- [TASK TO COMPLETE]: Copy each of the entries below faithfully, setting aside any pictures.

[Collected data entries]
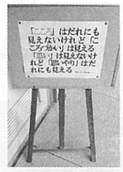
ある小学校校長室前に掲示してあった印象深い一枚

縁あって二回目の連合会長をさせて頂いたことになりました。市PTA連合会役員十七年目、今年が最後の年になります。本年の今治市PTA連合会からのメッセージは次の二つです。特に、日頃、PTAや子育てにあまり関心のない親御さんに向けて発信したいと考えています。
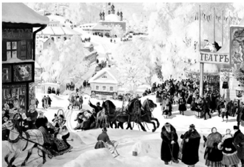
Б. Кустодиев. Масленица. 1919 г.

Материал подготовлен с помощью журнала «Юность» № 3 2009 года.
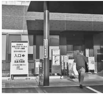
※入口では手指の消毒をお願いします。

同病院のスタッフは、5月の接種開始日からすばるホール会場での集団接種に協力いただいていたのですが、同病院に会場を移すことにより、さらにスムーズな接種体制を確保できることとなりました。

- [TASK OUTPUT]:
ある小学校校長室前に掲示してあった印象深い一枚

縁あって二回目の連合会長をさせて頂いたことになりました。市PTA連合会役員十七年目、今年が最後の年になります。本年の今治市PTA連合会からのメッセージは次の二つです。特に、日頃、PTAや子育てにあまり関心のない親御さんに向けて発信したいと考えています。
Б. Кустодиев. Масленица. 1919 г.

Материал подготовлен с помощью журнала «Юность» № 3 2009 года.
※入口では手指の消毒をお願いします。

同病院のスタッフは、5月の接種開始日からすばるホール会場での集団接種に協力いただいていたのですが、同病院に会場を移すことにより、さらにスムーズな接種体制を確保できることとなりました。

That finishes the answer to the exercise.